▸ WHAT IS NEEDED: Leave out the pictures and restate exactly, and only, the lines from the one that contains "Art deco emerald" through the final line of the material below.

▸ DATASET EXTRACT:
####

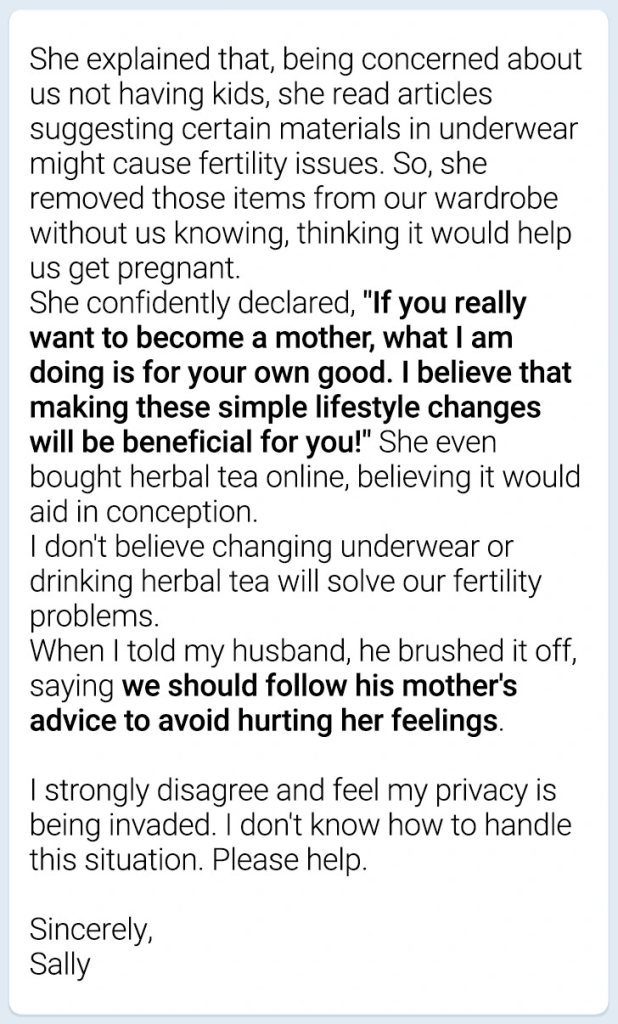 When family dynamics intersect with personal matters such as fertility, finding a balance between support and privacy becomes critical. Sally’s experience with her mother-in-law’s well-intentioned but intrusive actions underscores the need for open communication and boundary setting. By engaging in education together, seeking professional guidance, creating personal spaces, and redirecting energy into positive pathways, Sally is able to navigate this challenging situation while maintaining her privacy and emotional well-being. It is necessary to solve such problems with empathy and understanding, to realize the importance of maintaining healthy relationships in the family, while at the same time promoting individual autonomy and boundaries.
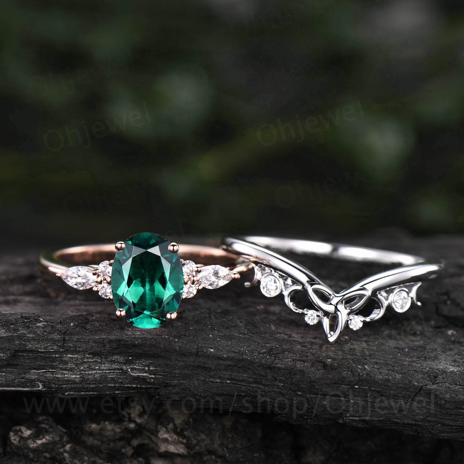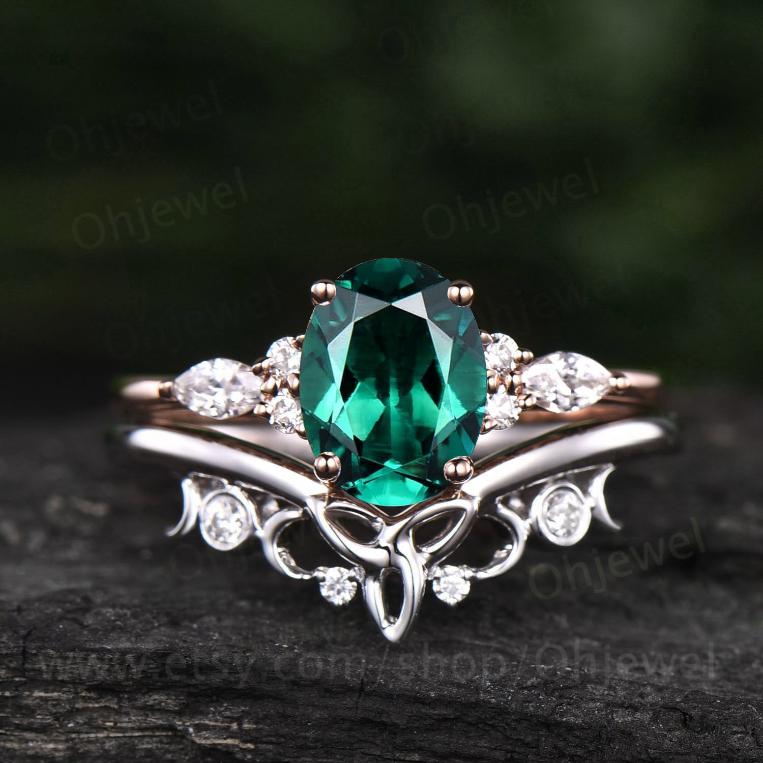Art deco emerald engagement ring set vintage rose gold silver ring women Norse viking ring moissanite wedding set oval cut bridal ring set
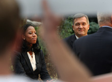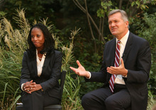 "There's two different directions we can take," Love said. "My opponent is supporting Barack Obama. Which [means] everything ends up with bigger spending, more borrowing and more debt. I've got the support of Mitt Romney [who will] make sure we champion the private sector so you can have a job."

####

▸ ANSWER FOR THE TASK:
Art deco emerald engagement ring set vintage rose gold silver ring women Norse viking ring moissanite wedding set oval cut bridal ring set
 "There's two different directions we can take," Love said. "My opponent is supporting Barack Obama. Which [means] everything ends up with bigger spending, more borrowing and more debt. I've got the support of Mitt Romney [who will] make sure we champion the private sector so you can have a job."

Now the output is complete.